As you complete them, move the sticky notes to a "tasks accomplished" section of your wall, board or notebook. This technique reduces stress in a number of ways. It allows you to see that however many tasks remain, it's not an infinite number, even if it seems that way. It gives you an easy way to prioritise what needs to be done, but with the flexibility to make changes if necessary. It provides a feeling of achievement as you move notes to the "accomplished" section - tangible evidence that you're making progress. If you keep the notes, they can also help you before the end of term.

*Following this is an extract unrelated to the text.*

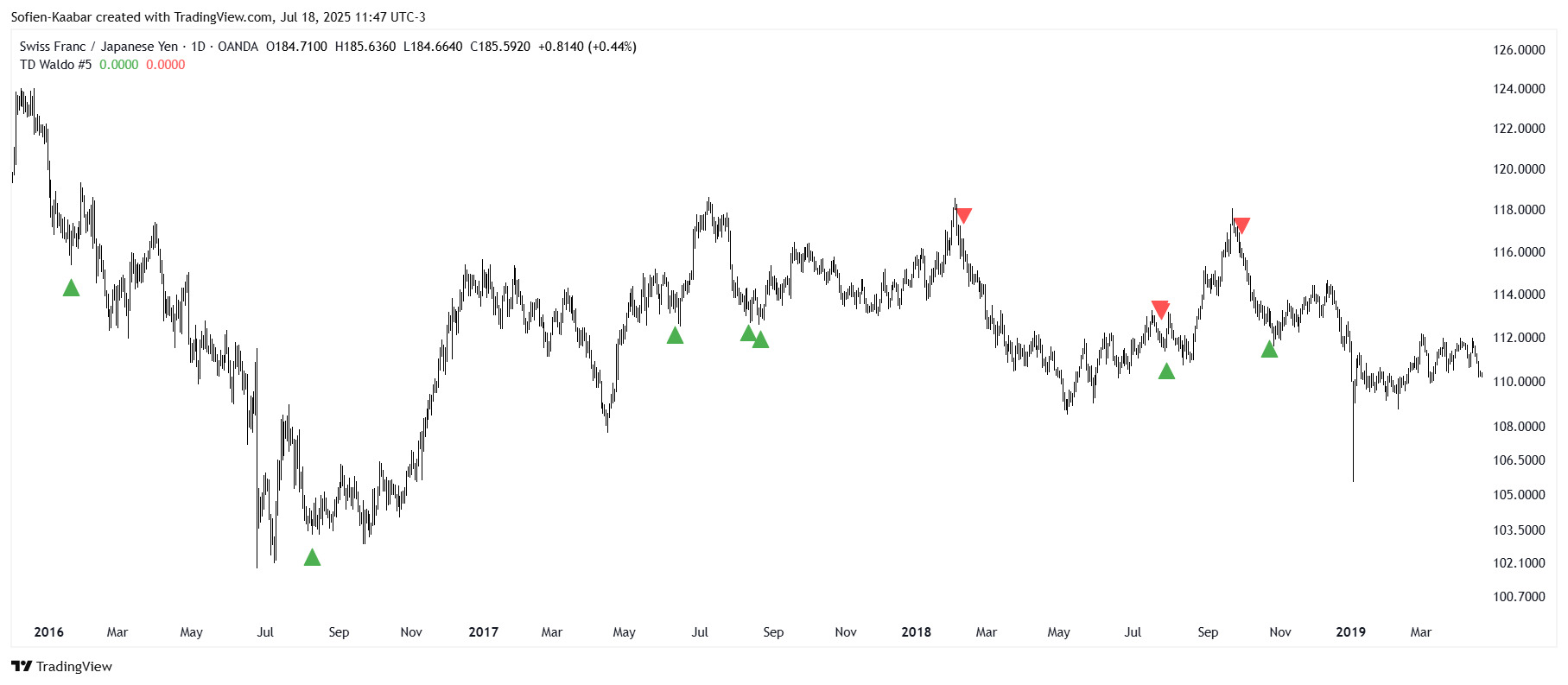 The previous chart shows a signal chart with a few market patterns detected. Take a look at the following chart as well.

Review them periodically and see which ones you could start to do earlier, or get help with, or delegate or avoid next time, so you'll have fewer tasks to do in this busy period.

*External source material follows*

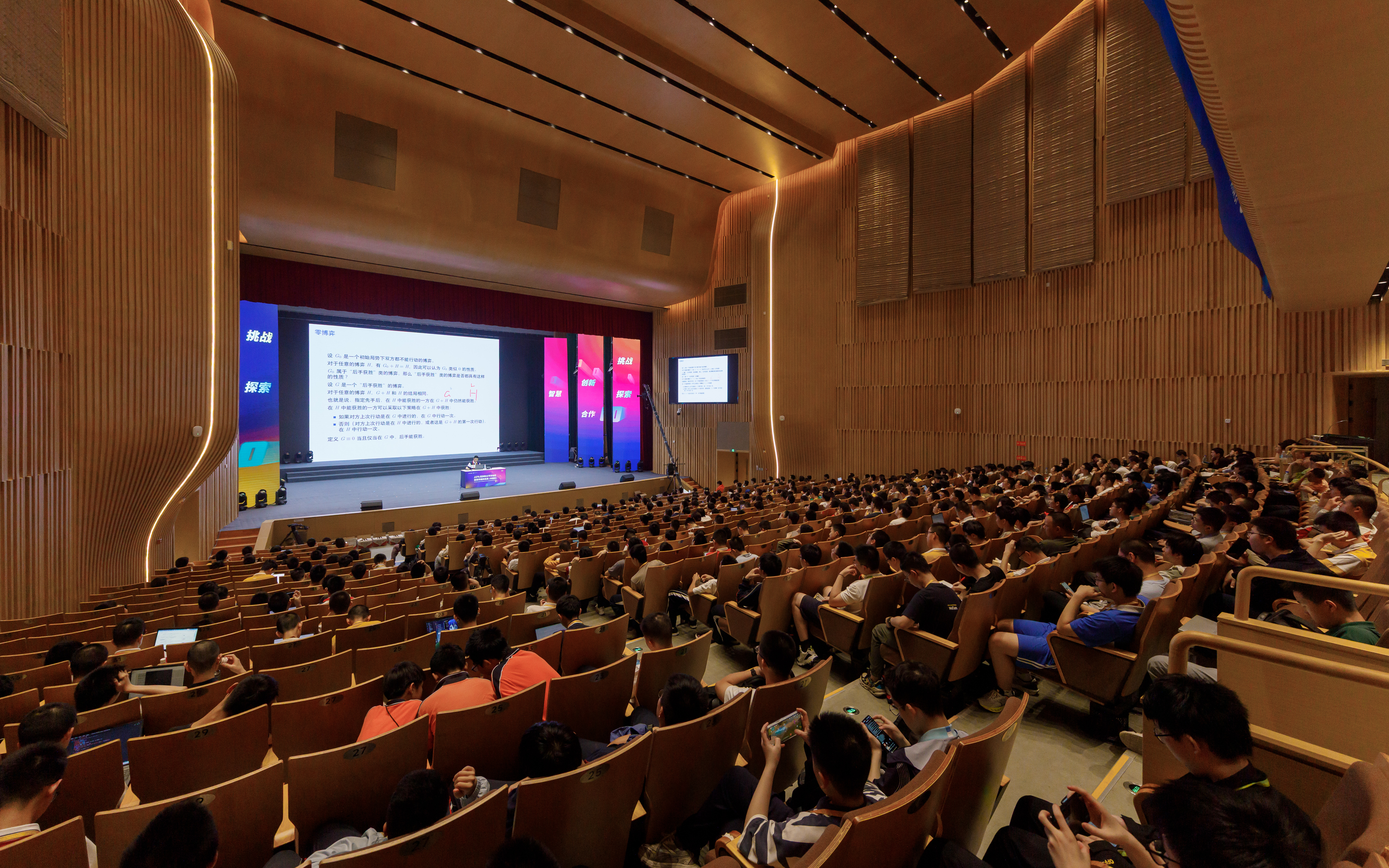除了紧张的测试环节,本次活动还精心搭建了学习与交流的广阔平台。活动期间,五场干货满满的授课与交流活动接连开展。NOI2022金牌选手罗思远以及即将代表中国出征IOI2025的国家队选手刘恒熙、刘海峰、陈昕阳和范斯喆担任讲者,他们结合自身丰富的参赛经验和专业知识,为选手们带来了一场场精彩绝伦的报告。

The third technique is even simpler: carry with you a visual symbol of the most enjoyable activity which you're looking forward to during your holiday time. If you're taking a trip to Paris, it might be a picture of the Eiffel Tower; if you're looking forward to sleeping late every morning, it might be a picture of a bed; if you're going to have a reunion with friends, it could be a snapshot of them. When the stress levels get high, take a moment to look at the picture, take a deep breath, and remind yourself that at the end of your hard work, a big reward is waiting for you.

Naturally, these techniques can't make the work disappear, but they can help you handle it in a more relaxed and enjoyable manner.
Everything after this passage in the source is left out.